Следует заметить, однако, что к Нумерову наши славные чекисты подбирались ещё до описанных сейчас событий, Ещё до ареста Нумерова они выпытывали о нем у Николая Александровича, но, конечно, ничего не добились. Несмотря на расписку о неразглашении, Козырев предупреждал Нумерова о надвигающейся беде. Избитый несчастный астроном рассказал об этом следователю, что и послужило поводом для ареста Н.А. После этого последовали новые аресты. Короче говоря, пошла обычная и те времена цепная реакция.
 
В результате этого пожара (иначе такое явление не назовешь) по меньшей мере 80 % сотрудников Пулкова по главе с директором, талантливым Учёным Борисом Петровичем Герасимовичем были репрессированы, причем большинство из них потом погибли. Среди погибших Еропкин и ряд других деятелей отечественной астрономической Науки.<...>
 
Конечно, 1937 год принес нашему народу тотальную беду. Все же много зависело от конкретной обстановки в том или ином учреждении. Как тут не привести удивительный случай, имевший место в моем родном Астрономическом институте им. Штернберга. Это столичное учреждение по размерам было сравнимо с Пулковом, можно сказать, его двойник. Невероятно, но факт: примерно в то же время некий аспирант тоже пошёл сдавать небесную механику своему шефу профессору Дубошину. Результаты экзамена были столь же плачевны, как и у его коллеги в Пулково.
 
И повел себя московский аспирант после такой неудачи совершенно так же, как и ленинградец — написал донос на шефа, инкриминируя ему те же грехи — научную иностранную корреспонденцию!
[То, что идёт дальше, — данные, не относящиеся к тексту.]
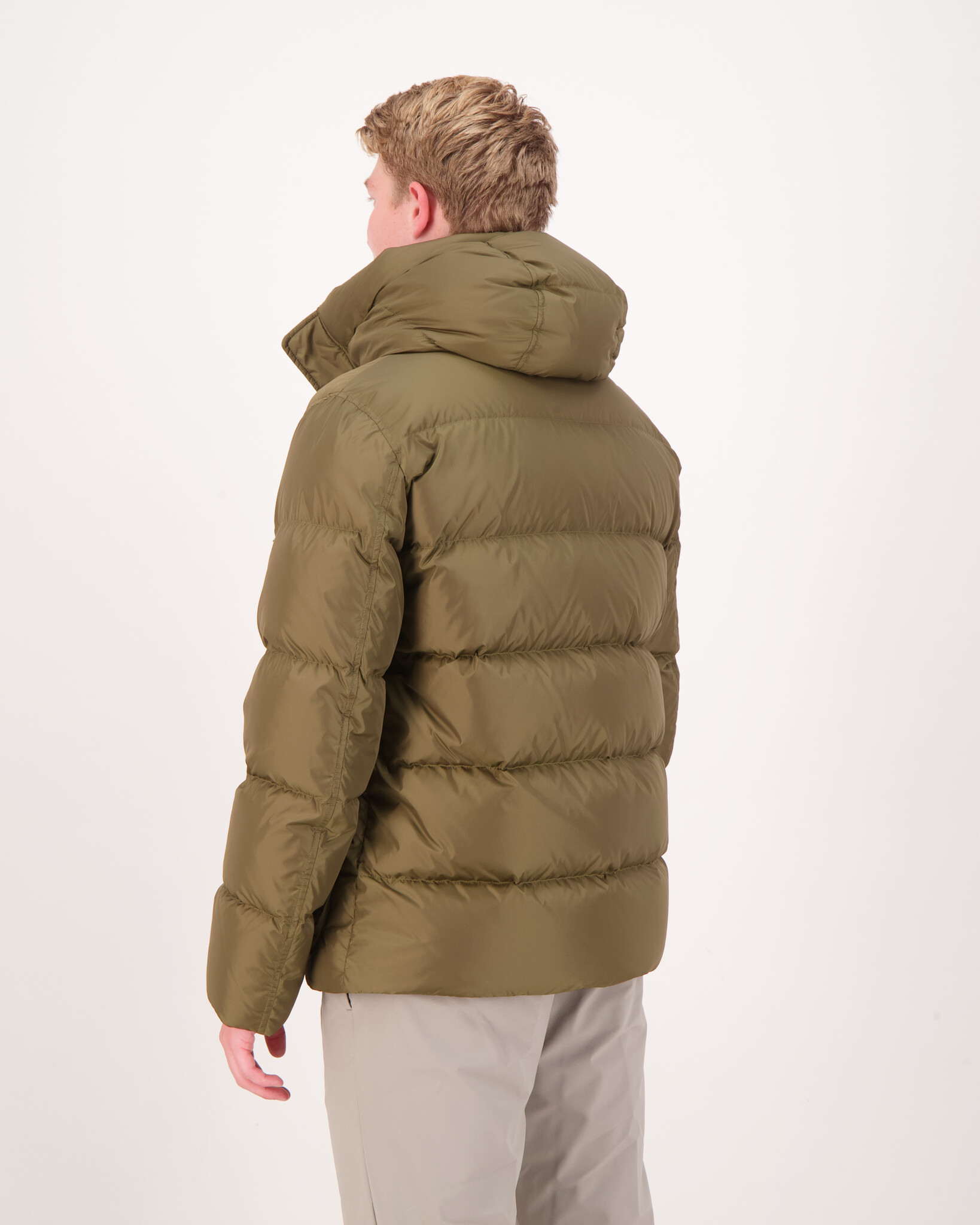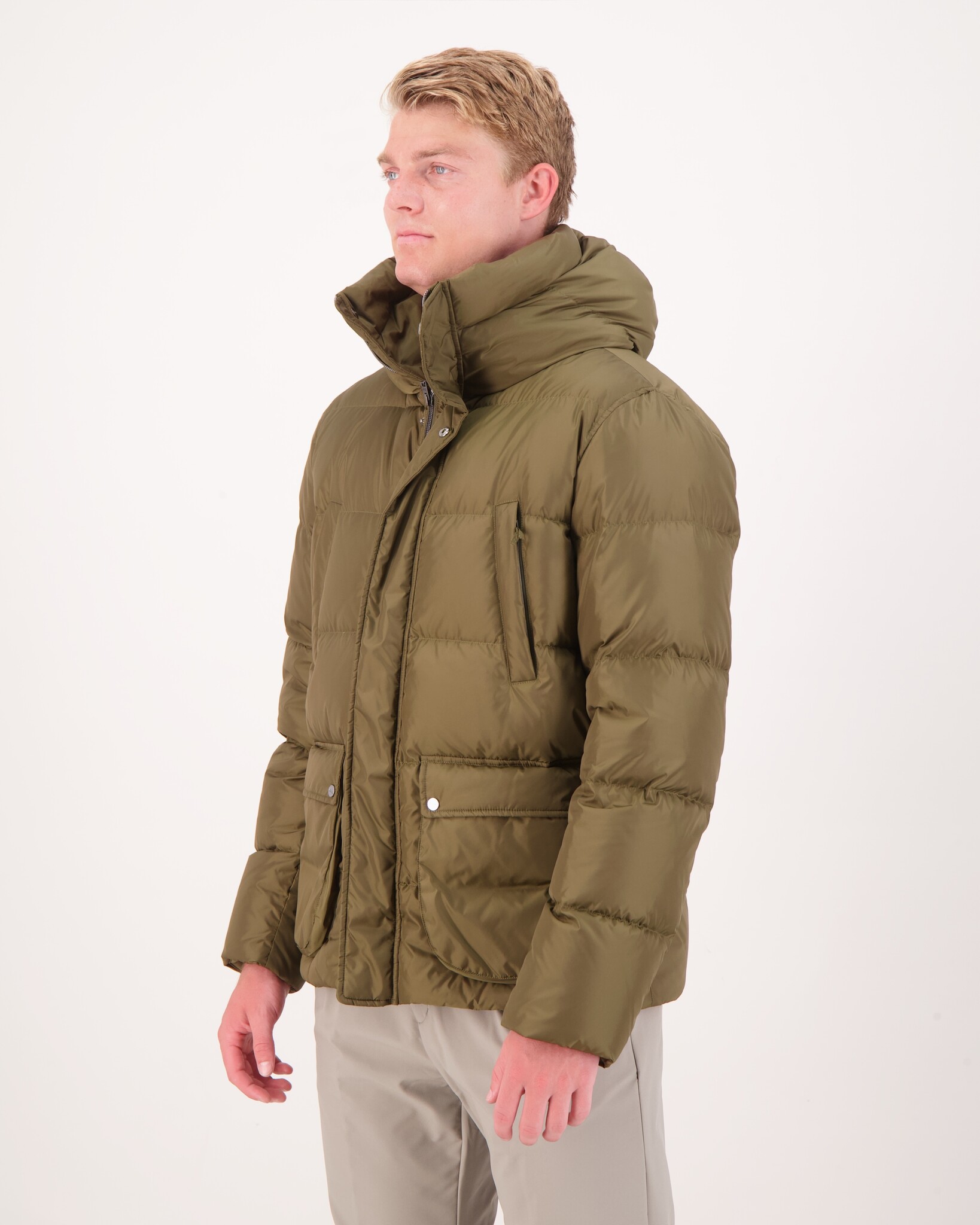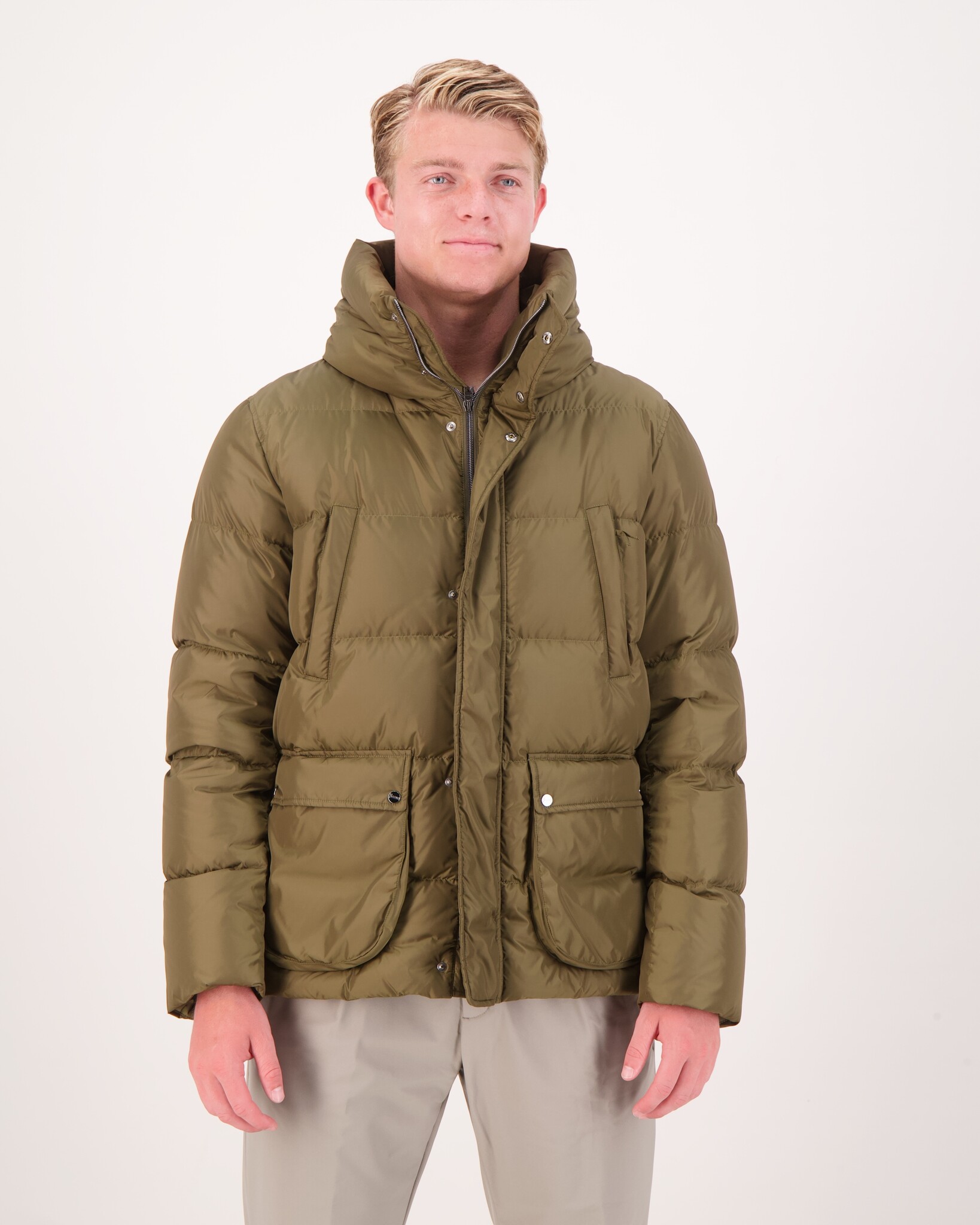 Military Piumino Bomber Multi Tasche Jas van het merk Herno. De jacket met capuchon heeft twee bovenzakken en twee lagen zakken met knoopsluiting.

Стереотип поведения советских аспирантов тех далеких лет просто поражает! Это событие осложнялось ещё общей ситуацией в Астрономическом институте им. Штернберга.
 
Парторгом был тогда некий Аристов — типичный "деятель" того времени. Он разводил демагогию, что-де в институте зажимают представителей рабочего класса — по тем временам очень опасное обвинение. Нашлись, однако, в институте силы, которые дали решительный отпор провокаторам. Это были члены тогдашнего партбюро Куликов, Ситник и Липский. Клеветник-аспирант (кажется, его фамилия была Алешин) был изгнан, даже, кажется, исключен из партии, а вскоре за ним последовали незадачливый Аристов и его оруженосец, какой-то Мельников. Пожар был потушен. Итог. В нашем институте в те незабываемые предвоенные годы ни один человек не был репрессирован. Другого такого примера я не знаю.
 
Но вернемся к Николаю Александровичу Козыреву. Он получил тогда 10 лет. Первые два года сидел в знаменитой Владимирской тюрьме в одиночке. Там с ним произошёл поразительный случай, о котором он рассказал мне в Крыму, когда, отсидев срок, работал вместе со мной на Симеизской обсерватории. Я первый раз наблюдал человека, вернувшегося с "того света". Надо было видеть, как он ходил по чудесной крымской земле, как он смаковал каждый свой вздох! И как он боялся, что в любую минуту его опять заберут туда. Не забудем, что был 1949 год — год "повторных посадок", и страх Николая Александровича был более чем основательным.
 
А случай с ним произошёл действительно необыкновенный. В одиночке, в немыслимых условиях он обдумывал свою странную идею о неядерных источниках энергии звезд и путях их эволюции. Замечу в скобках, что через год после окончания срока заключения Козырев защитил докторскую диссертацию на эту фантастическую и, мягко выражаясь, спорную тему*.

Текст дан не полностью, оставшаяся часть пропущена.